Falah-e-Insaniat Foundation
- Formation: 1990; 36 years ago
- Founder: Hafiz Muhammad Saeed
- Defunct: 2019
- Focus: jihadism, militancy in Kashmir
- Headquarters: Lahore, Pakistan
- Region served: Pakistan
- Method: Donations and Grants
- Website: devotedtohumanity.org (The website has been blocked by Government of Pakistan and is no longer operational)

= Falah-e-Insaniat Foundation =

Pakistani charity organization

Falah-e-Insaniat Foundation (FIF) was a charity organization established by Jamat-ud-Dawa and was based in Pakistan. In 2019, the Government of Pakistan banned the organization.

It was founded in 1990 by Hafiz Muhammad Saeed and was based in Lahore, Pakistan.

It belongs to Ahl-i Hadith school of thought of Sunni Islam.

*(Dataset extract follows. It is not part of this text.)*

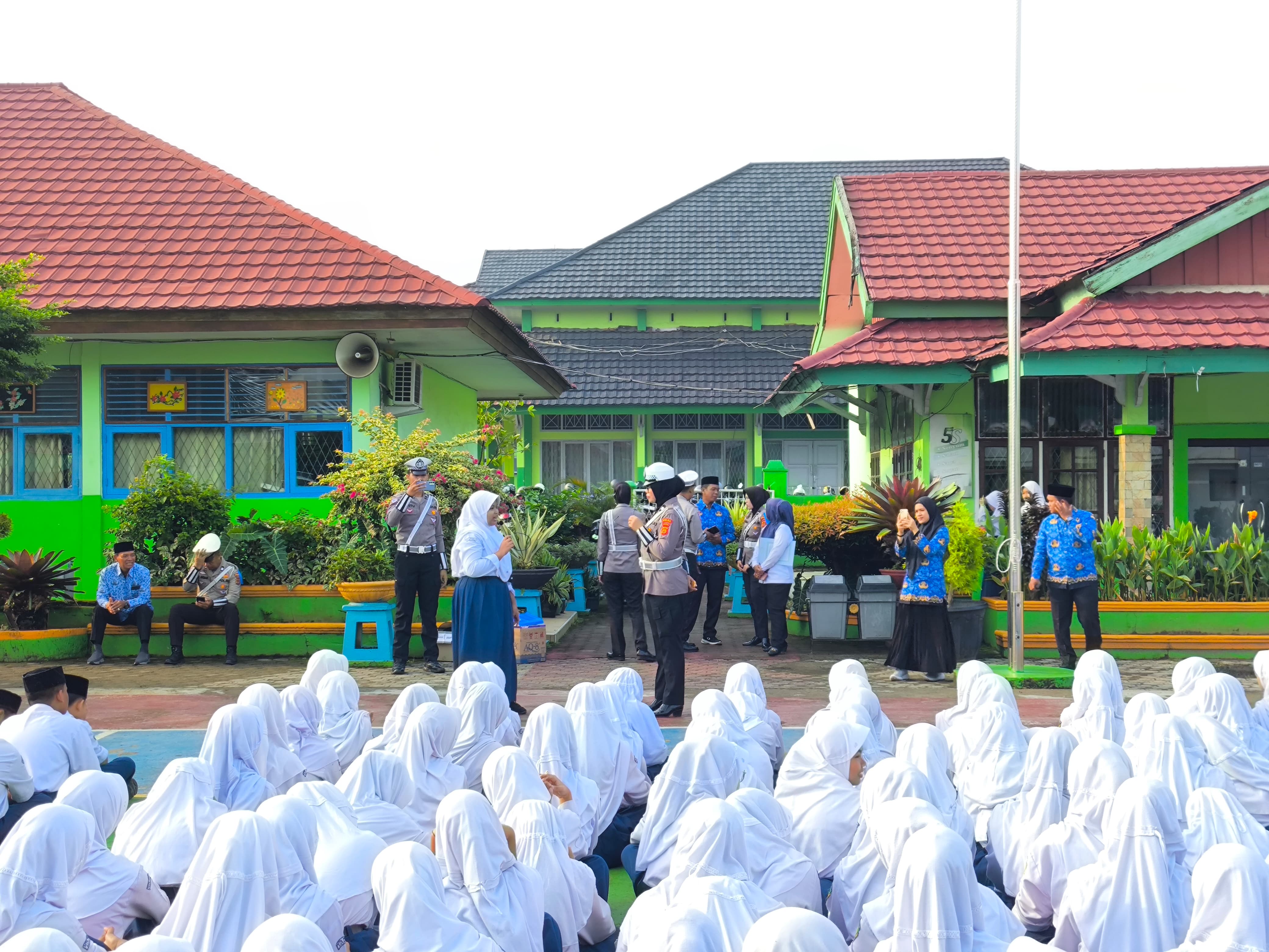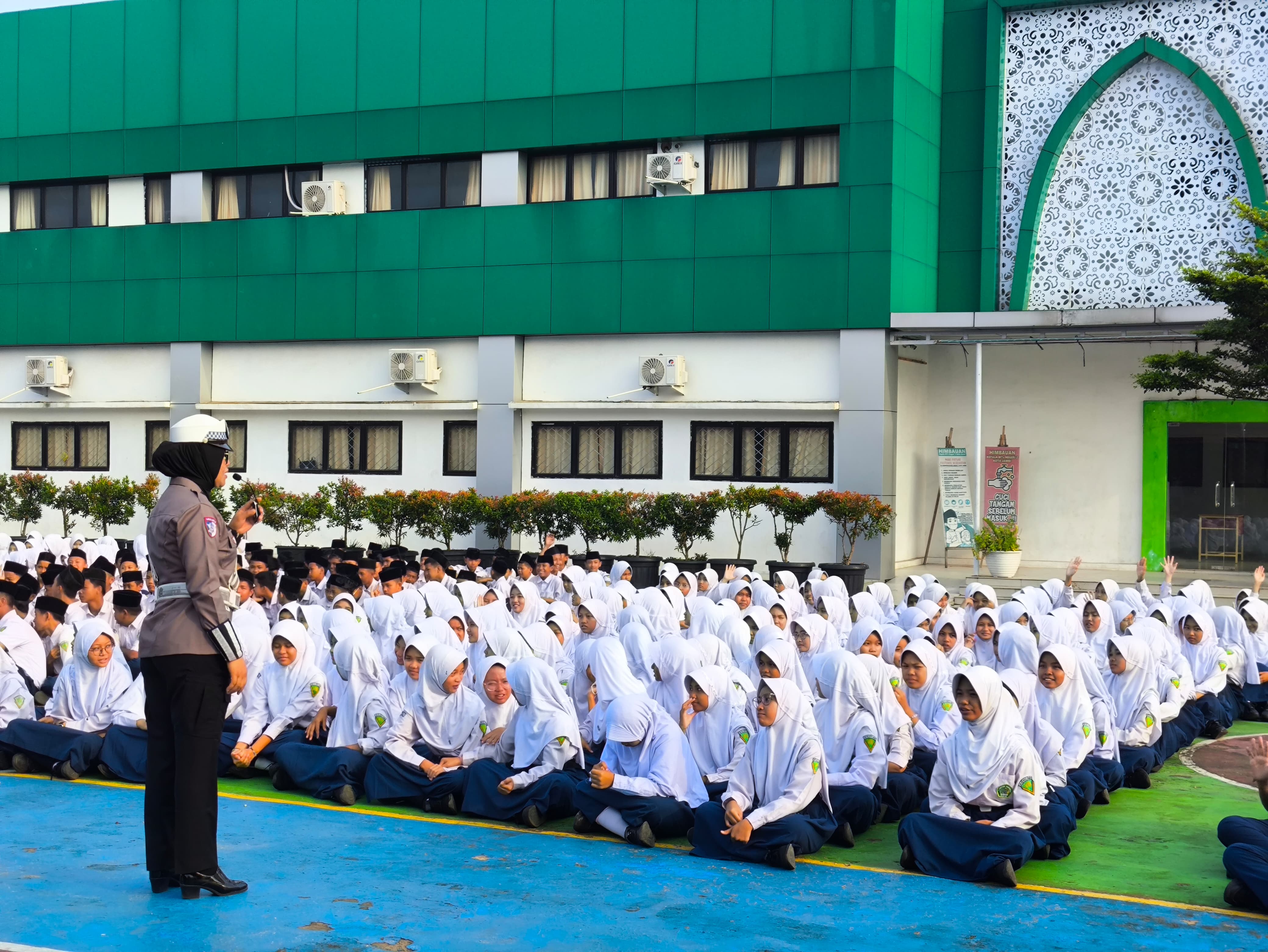 Kota Jambi (MTsN 2) - Senin (17/02/2025), setelah upacara bendera, MTsN 2 Kota Jambi mengadakan sosialisasi keselamatan berkendara yang dipimpin oleh Aiptu Yeni dari Ditlantas Polda Jambi. Kegiatan ini bertujuan untuk memberikan pemahaman kepada siswa mengenai pentingnya keselamatan saat berkendara di jalan raya.

On 21 February 2019, the National Security Committee (NSC) of Pakistan decided to proscribe Jamat ud Dawa (JuD) and Falah-e-Insaniat Foundation (FIF) under Schedule I of the Anti-Terrorism Act 1997. A formal proscription order was issued by the Ministry of Interior on 6 June 2019. The NCS also decided to expedite implementation of the National Action Plan against terrorism throughout the country against all proscribed and UN designated organizations. As part of these efforts, the Federal Government issued the United Nations Security Council (Freeze & Seizure) Order 2019. The objective of the order was to streamline the procedure for implementation of Security Council Sanctions against designated individuals and entities in Pakistan. The introduction of this new law helped to ensure strict compliance with UNSC Sanctions, especially the implementation of targeted financial sanctions against FiF and JuD. Accordingly, in March 2019, on the directives of the Federal Government, all provincial governments in Pakistan seized or took over administrative control of hundreds of establishments run by Jamaat ud Dawa (JuD) and Falah-i-Insaniat Foundation (FIF). Most of these facilities were related to wide humanitarian network of JuD and FiF, including schools, hospitals, madaris, colleges, dispensaries ambulances, and others.